ESCLUSIVA/ RICADE OGGI IL CENTENARIO DELLA NASCITA DI UN CONCITTADINO DIVENTATO LEGGENDA GAETANA: ANTONIO RICINIELLO, UNA VITA PER IL CALCIO GAETANO di Erasmo Lombardi (videogallery)

riciniello

Oggi, 9 ottobre 2013, ricorre il centenario della nascita di Antonio Riciniello, indiscusso simbolo calcistico-sportivo della città di Gaeta.

Quarto di otto fratelli, figlio di Cosmo e di Carmina Di Chiappari, da bambino aiuta la famiglia nella gestione dello stabilimento balneare “Serapide”, da poco edificato dal padre falegname.

Sarà proprio sugli spazi incontaminati della spiaggia di Serapo degli anni ‘20 che Antonio inizierà a tirare i primi calci, addestrando il proprio fisico scattante a quelle “acrobazie” che resteranno uno dei suoi marchi di fabbrica negli anni della pratica calcistica.

A soli 18 anni, nel 1931, dopo aver militato negli “aquilotti” Gaeta si avvicina alla neonata Polisportiva Gaeta, diventandone immediatamente uno dei punti fermi nel ruolo di terzino sinistro. Con la squadra biancorossa gioca per tutti gli anni ’30, tranne nel biennio 1935-36 e 1936-37, anni in cui la squadra non si iscrive nei principali tornei federali.

Antonio insieme ad altri calciatori della Polisportiva trova accoglienza nella vicina Fondi, per poi tornare a vestire la sua maglia del cuore nella stagione 1937-38, campionato in cui il Gaeta si laurea Campione della Provincia di Littoria nel settore propaganda.

E’ l’inizio dell’epopea del primo grande Gaeta, che l’anno seguente vince il Campionato di Seconda Divisione laziale approdando in Prima Divisione, allora quarta serie nazionale assoluta, risultato più prestigioso di sempre del sodalizio gaetano.

E’ il formidabile squadrone di Colavolpe, Riciniello, Perugini, Pampaloni, Scarpato, Fiorenzano, Arcella, Di Spigno.

Solo la guerra impedirà alla Polisportiva il meritato approdo in Serie C, obiettivo ampiamente alla portata dei “ragazzi” del mister Mazzoleni.

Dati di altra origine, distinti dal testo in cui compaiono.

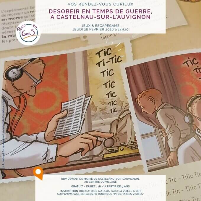 Situé sur la voie du Puy, Castelnau-sur-l’Auvignon est un site majeur de la Résistance gersoise. Venez découvrir les parcours singuliers de Jeanne Robert, de Georges Starr, des guérilleros espagnols, ainsi que la bataille de Castelnau-sur-l’Auvignon et son contexte historique, sous une approche ludique inédite.
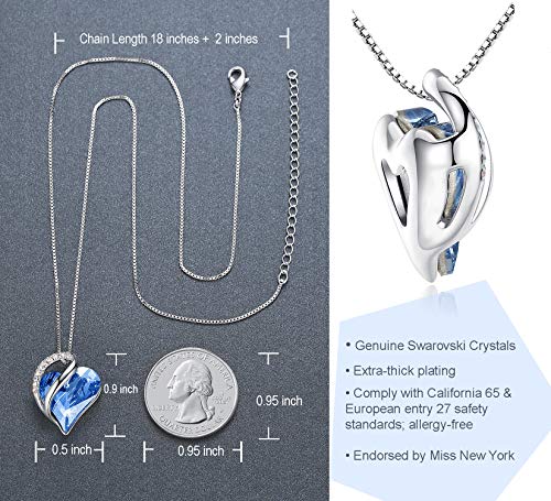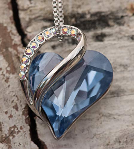 SPECIFICATIONS – Pendant Size: 0.5″ x 0.9″ |Chain Length: 18″+ 2″ |Plating: White Gold Plated Silver-tone | Clasp: Lobster Claw | Stone: Swarovski Crystal Wild Heart Shaped Stone, Light Sapphire Blue March December Birthstone; Swarovski Flatback Zirconia Rhinestones, Crystal AB Color.
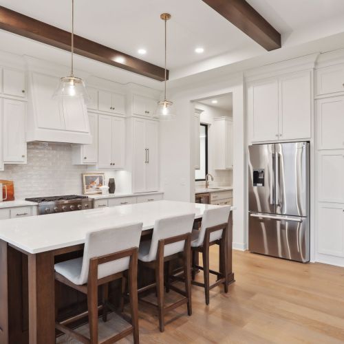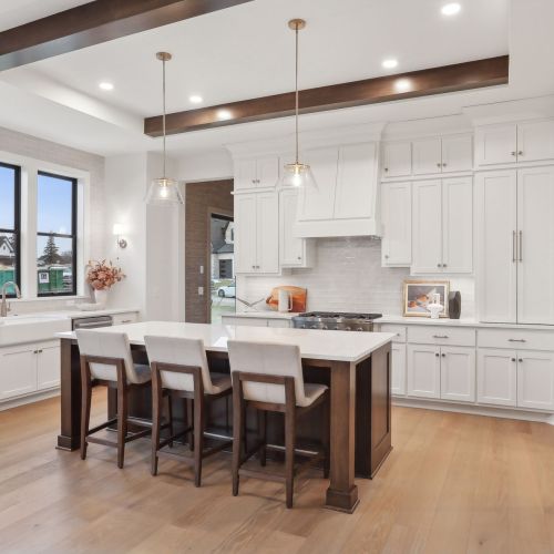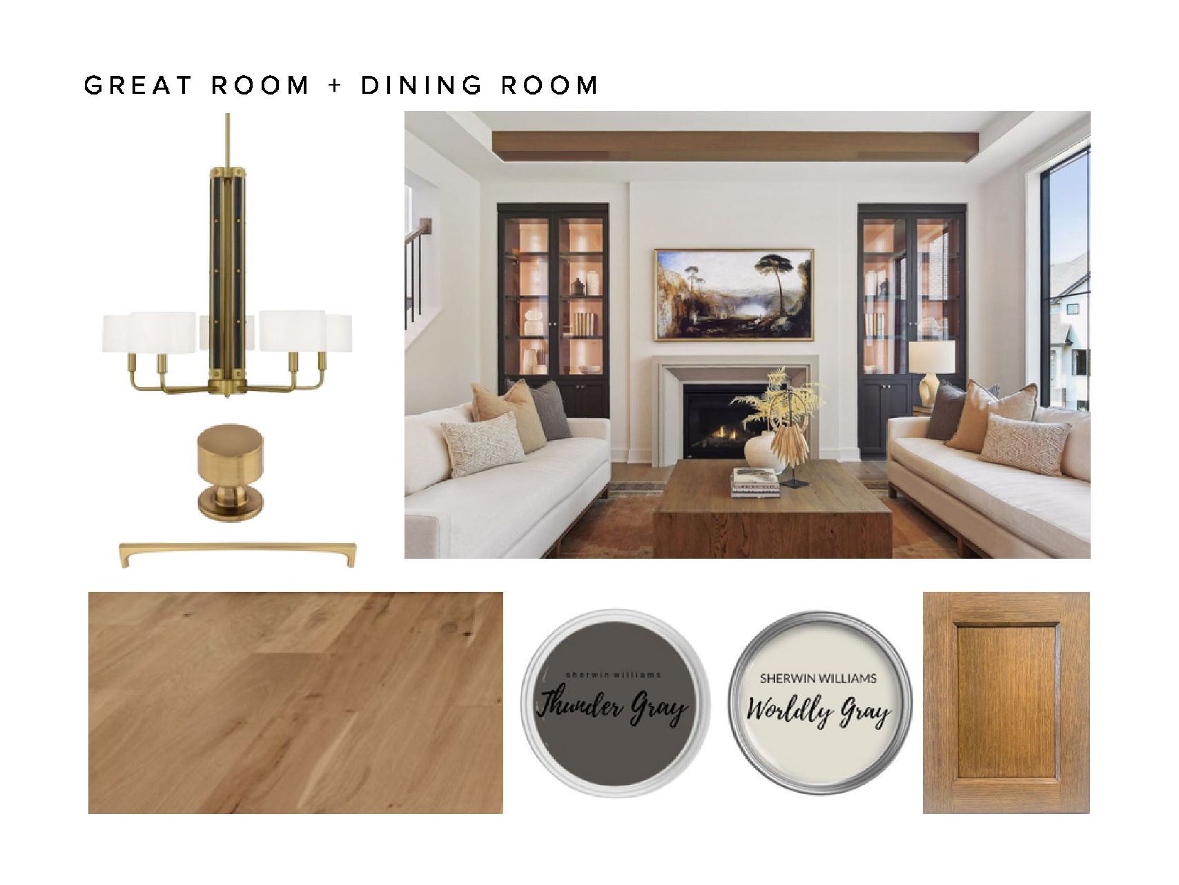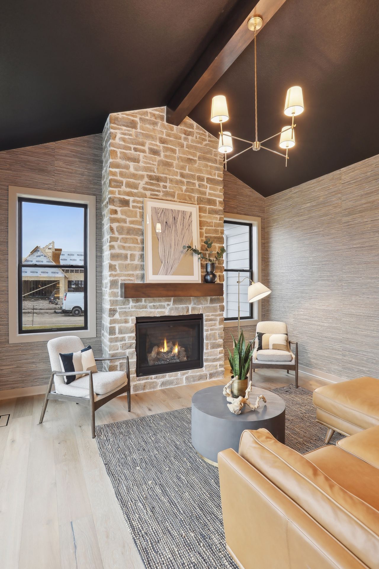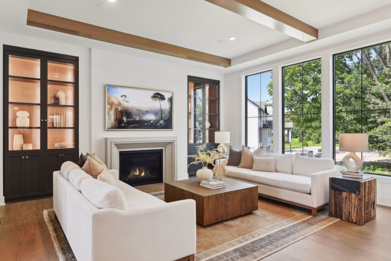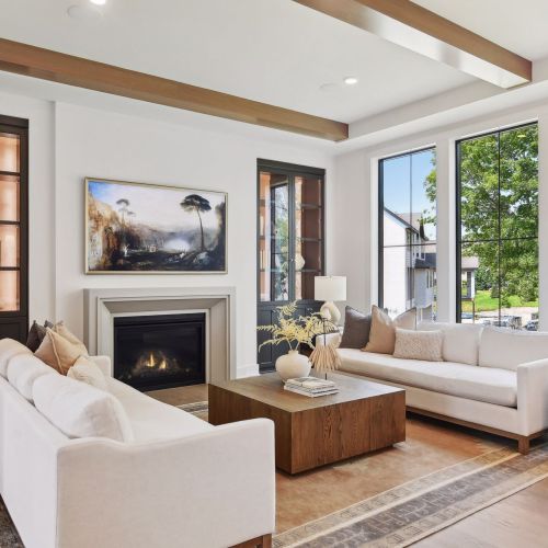 - Great Room features a modern fireplace with custom built in cabinetry and warm wood ceiling beams continuing into the Dinette & Kitchen

Con la guerra per Antonio Riciniello si apre la pagina più fulgida della sua carriera: Con la Tirrenia prima e poi come impiegato presso l’Ala Italiana (futura Alitalia), viene chiamato a far parte della forte squadra aziendale romana, che negli anni bui del conflitto partecipa al “Campionato Romano di Guerra” insieme a Roma, Lazio e alle principali compagini della Capitale.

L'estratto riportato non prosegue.